> [RECORDS PROVIDED]:
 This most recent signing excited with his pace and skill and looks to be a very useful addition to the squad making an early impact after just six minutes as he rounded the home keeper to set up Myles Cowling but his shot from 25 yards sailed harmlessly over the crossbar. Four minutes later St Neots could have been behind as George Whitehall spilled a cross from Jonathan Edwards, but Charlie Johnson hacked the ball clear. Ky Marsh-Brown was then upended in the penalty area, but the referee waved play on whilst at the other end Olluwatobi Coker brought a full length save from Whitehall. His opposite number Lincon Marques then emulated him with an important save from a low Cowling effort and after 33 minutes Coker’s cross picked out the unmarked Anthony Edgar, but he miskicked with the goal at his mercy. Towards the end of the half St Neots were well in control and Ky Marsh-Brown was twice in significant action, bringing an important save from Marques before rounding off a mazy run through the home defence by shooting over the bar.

---

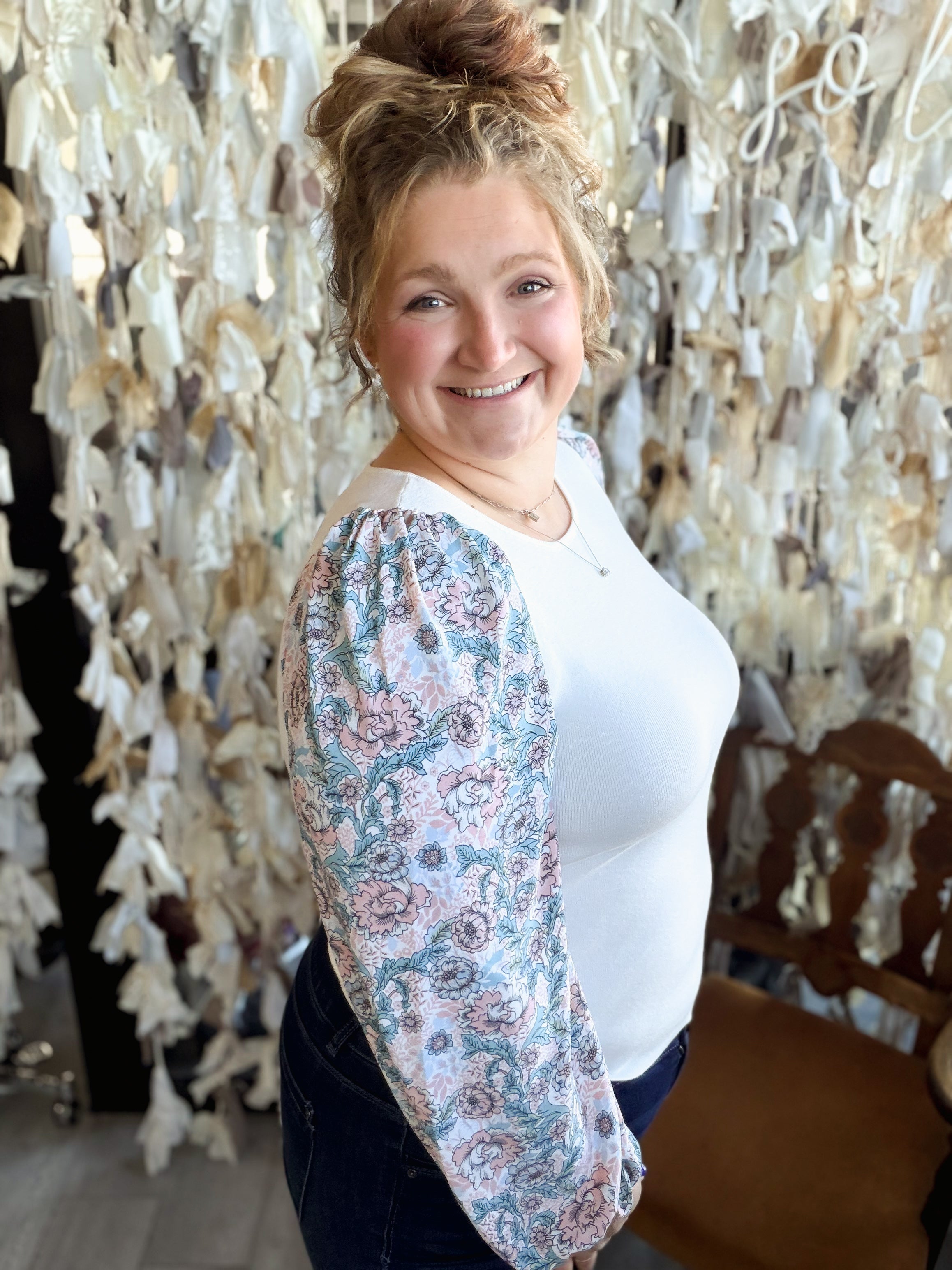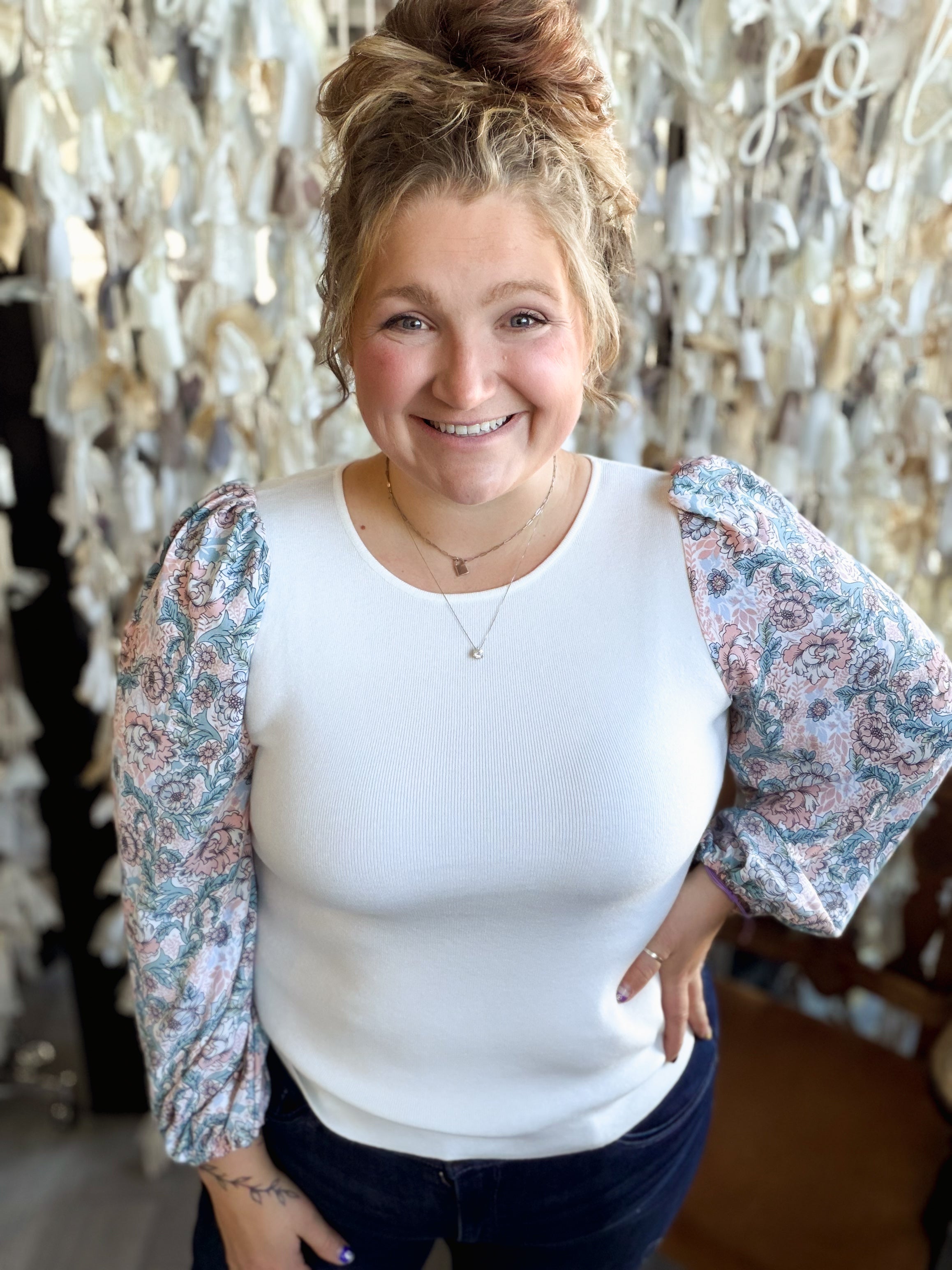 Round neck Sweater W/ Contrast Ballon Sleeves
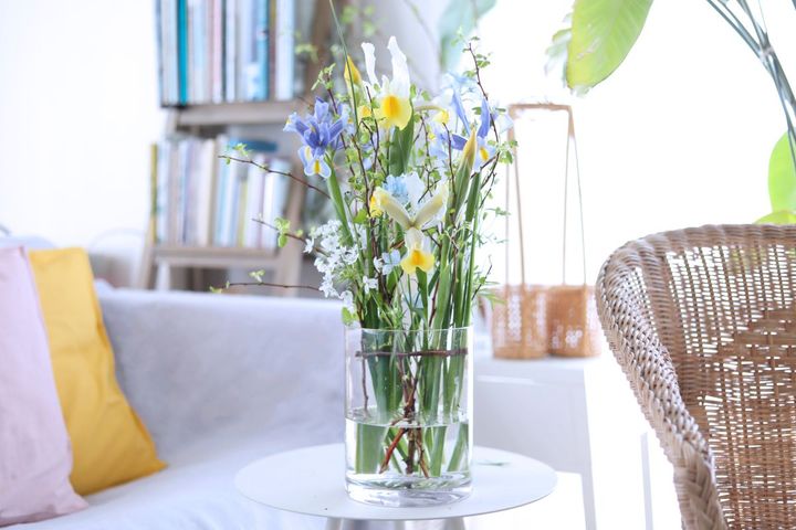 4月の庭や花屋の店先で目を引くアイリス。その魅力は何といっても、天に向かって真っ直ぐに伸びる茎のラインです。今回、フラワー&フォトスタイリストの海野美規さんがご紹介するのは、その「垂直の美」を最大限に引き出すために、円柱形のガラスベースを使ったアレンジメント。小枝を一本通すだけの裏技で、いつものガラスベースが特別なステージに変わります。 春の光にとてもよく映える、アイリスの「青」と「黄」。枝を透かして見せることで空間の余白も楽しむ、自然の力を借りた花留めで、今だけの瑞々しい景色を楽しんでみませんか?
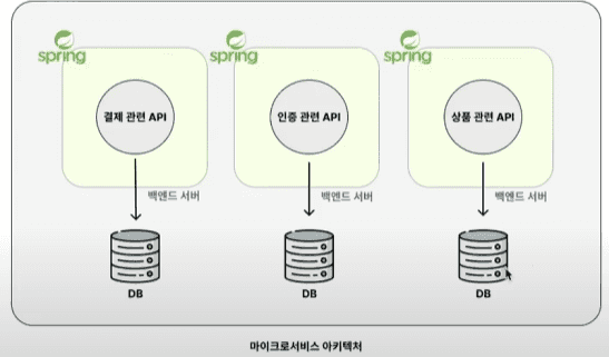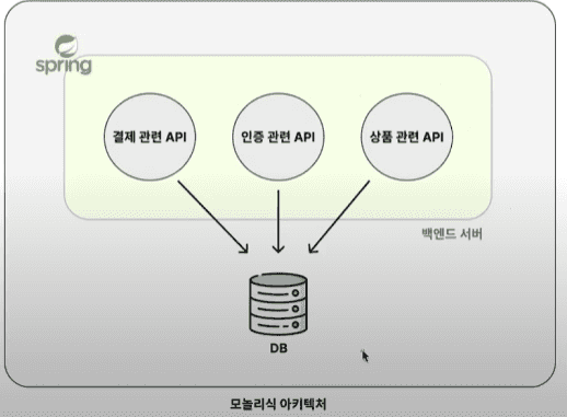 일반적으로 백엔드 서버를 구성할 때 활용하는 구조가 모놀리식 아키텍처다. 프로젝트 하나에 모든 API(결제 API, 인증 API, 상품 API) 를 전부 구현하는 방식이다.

> [EXERCISE REQUIREMENTS]: Above are records; write out the lines from the one with "Round neck Sweater" down to the one with "일반적으로 백엔드 서버를", exactly, leaving the pictures out.

> [WRITTEN ANSWER]:
 Round neck Sweater W/ Contrast Ballon Sleeves
 4月の庭や花屋の店先で目を引くアイリス。その魅力は何といっても、天に向かって真っ直ぐに伸びる茎のラインです。今回、フラワー&フォトスタイリストの海野美規さんがご紹介するのは、その「垂直の美」を最大限に引き出すために、円柱形のガラスベースを使ったアレンジメント。小枝を一本通すだけの裏技で、いつものガラスベースが特別なステージに変わります。 春の光にとてもよく映える、アイリスの「青」と「黄」。枝を透かして見せることで空間の余白も楽しむ、自然の力を借りた花留めで、今だけの瑞々しい景色を楽しんでみませんか?
 일반적으로 백엔드 서버를 구성할 때 활용하는 구조가 모놀리식 아키텍처다. 프로젝트 하나에 모든 API(결제 API, 인증 API, 상품 API) 를 전부 구현하는 방식이다.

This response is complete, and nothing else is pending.